И все же он был единственным из моих знакомых, кто хоть
что-то в этом смыслил.
А теперь несколько слов о кафе "Блудный сын".
Наиболее примечательным для него было то, что его клиентами
являлись исключительно работники "Гвидона". При этом, как ни
странно, самому "Гвидону" кафе не принадлежало. Просто всем
остальным обитателям округи питаться здесь было явно не по
карману.
"Блудный сын" славился отличной кухней. Причем
прилагательное "отличная" вполне можно было сочетать с
прилагательным "экзотическая". В глянцевых меню, разложенных на
столах, на обложках которых красовалась репродукция известной
картины "Возвращение блудного сына", невозможно было найти
шницелей, бифштексов или котлет по-киевски. Зато в изобилии --
блюда французской, голландской и еврейской кухни.

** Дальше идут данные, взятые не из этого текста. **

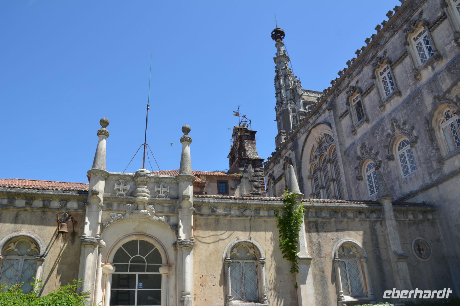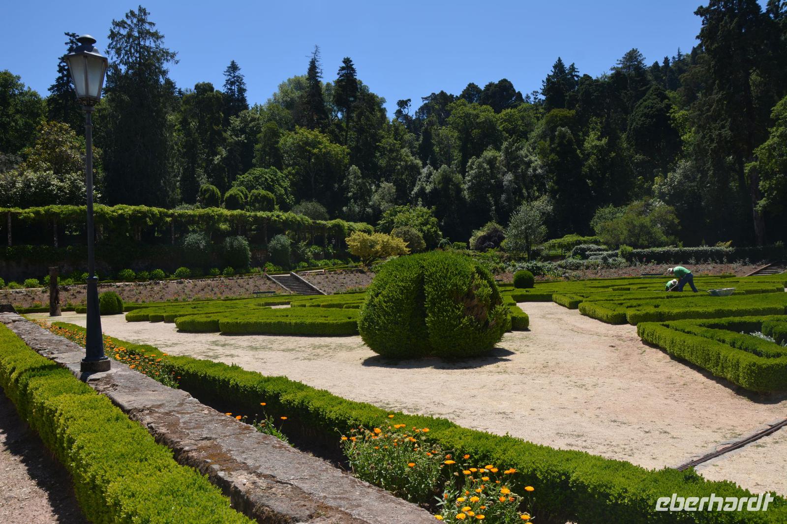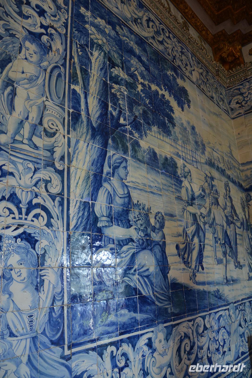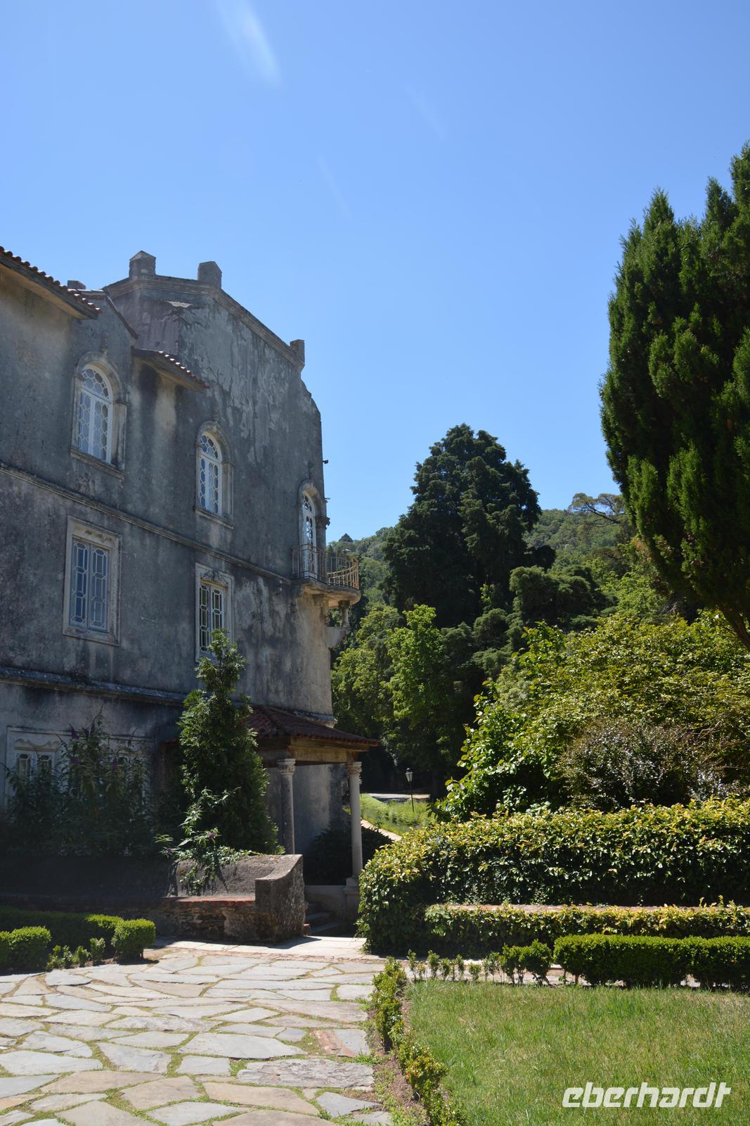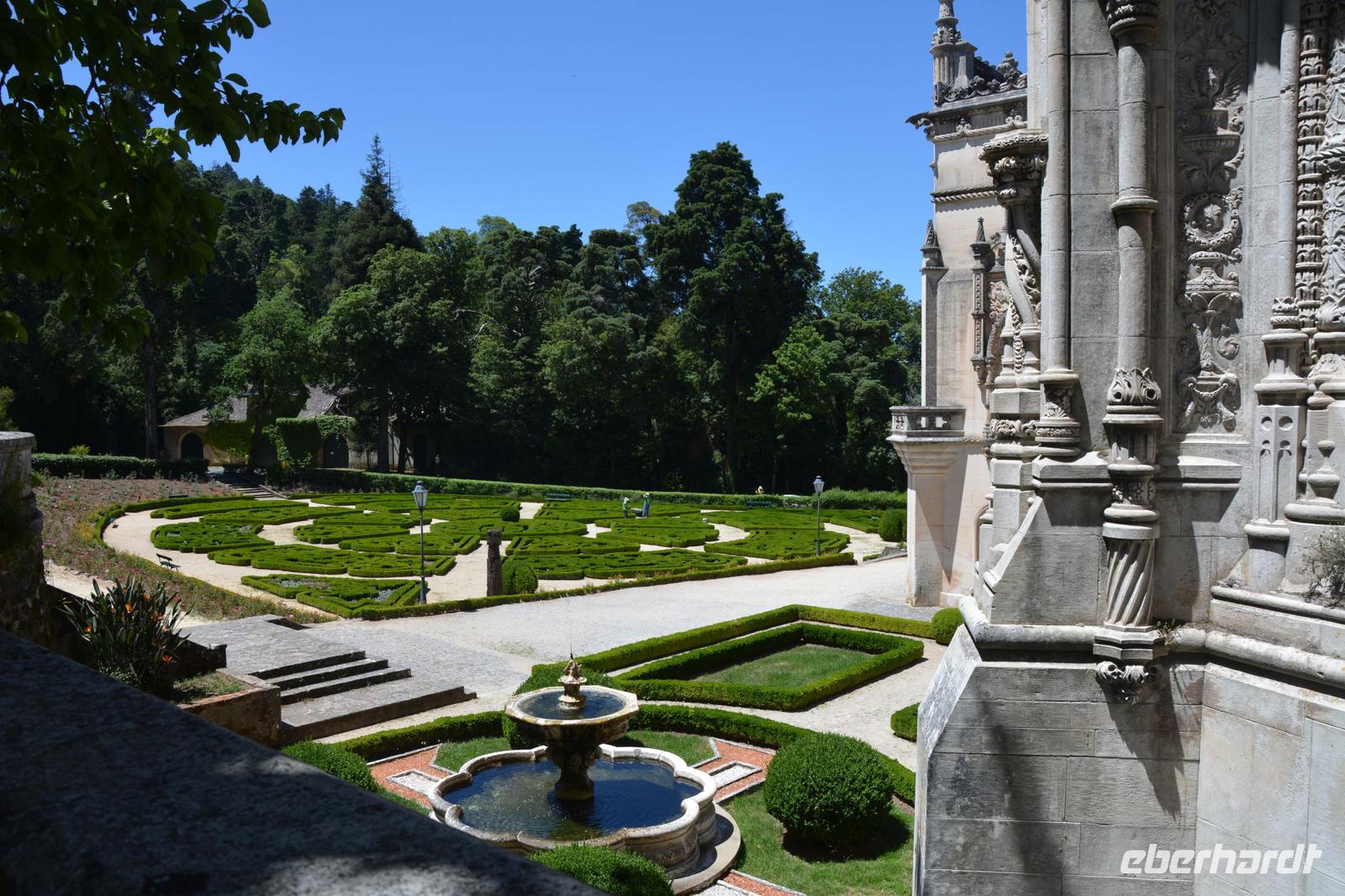 Nach einer Stunde Fahrt erreichen wir die Stadt Viseu mit seinen 200.000 Einwohnern. Wir stiegen am Jardim Tomás Ribeiro aus, ein schöner Platz mit einem Springbrunnen. Wir starten unseren Stadtspaziergang bergauf über Kopfsteinpflaster, vorbei am Jardim das Maes mit seinen herrlichen blau blühenden Hortensien hin zum Museu do Almeida Moreira mit seinen blau weißen Azulejokanten. Danach setzten wir unseren Gang an alten mit Kacheln besetzten Häusern zu den Kirchen fort. Wir besichtigten zuerst die Igreja da Misericordia und anschließend die Kathedrale von Viseu. Viele Schwalben flogen über unsere Köpfe, als wir durch die Gänge mit Azulejos geschmückten Wänden liefen. In der Kirche beeindruckten uns das herrliche gotische Deckengewölbe mit den Knoten, die zwei kunstvoll gearbeiteten Kanzeln und die Deckenmalerei bei dem goldenen Altar. Anschließend hatten wir noch kurz Zeit einen Blick in die imposante Kathedrale von Viseu, deren Baugeschichte auf das 11. Jahrhundert zurückreicht, zu werfen. Durch einen Rundgang kamen wir durch die Fußgängerzone bei unserem Ausstiegsplatz zurück. Nun hatten wir noch eine Viertelstunde Zeit, um einen Muntermachenden Kaffee zu trinken und ein Pastel zu naschen und dann wieder in den Bus zu steigen. Gegen 12 Uhr waren wir nicht mehr weit von unserem nächsten Ziel dem Wald von Buçaco entfernt. Der Weg ging kurvig einen Berg hinauf. Da wir in gemütlichem Tempo einem kleinen Traktor hinterher fuhren, konnten wir die Aussicht auf das herrlich bewaldete Gebiet genießen. Im Wald von Buçaco angekommen beeindruckte uns das wunderschöne Schloss, und während wir kurz Freizeit hatten, konnten wir das Schloss und dessen Parkanlage durchlaufen und umrunden, und somit die wunderschönen Details der Architektur bewundern.

Лично я вообще не жалую горячие блюда и предпочитаю
обходиться холодными закусками. Побольше холодных закусок, вина
-- и все. Лишь иногда забота о желудке вынуждала съесть
куриного бульона с кнедликами. Я -- человек полноватый и поесть
люблю. Потеря работы в "Гвидоне" сулила вынужденный отказ от
"Блудного сына", с чем мой желудок примириться бы никак не
смог. И если условием питания в "Блудном сыне" являлось
написание детективных романов, то я их напишу! Чего бы это мне
ни стоило.
Залов в кафе было два -- лиловый и кремовый. Оба --
небольшие и уютные. Изюминкой интерьера являлись приятные
настольные лампы с лиловыми или, соответственно, кремовыми
абажурами. Из другого освещения имелось лишь несколько бра на
трех стенах из четырех. А на четвертой -- большое панно из
осколков разноцветных зеркал, загадочно мерцавшее в полумраке.
Поскольку наши заведения, если можно так выразиться, дружили
коллективами, все мы знали друг друга по имени. За каждым
клиентом был закреплен собственный официант и, естественно,
столик.
Мой столик находился в Лиловом зале в углу, а обслуживала
меня официантка, которую все любовно именовали Барсик. В ней
действительно угадывалось нечто мягкое, кошачье. Она была
полновата, невысокого роста, с весьма приятными чертами лица.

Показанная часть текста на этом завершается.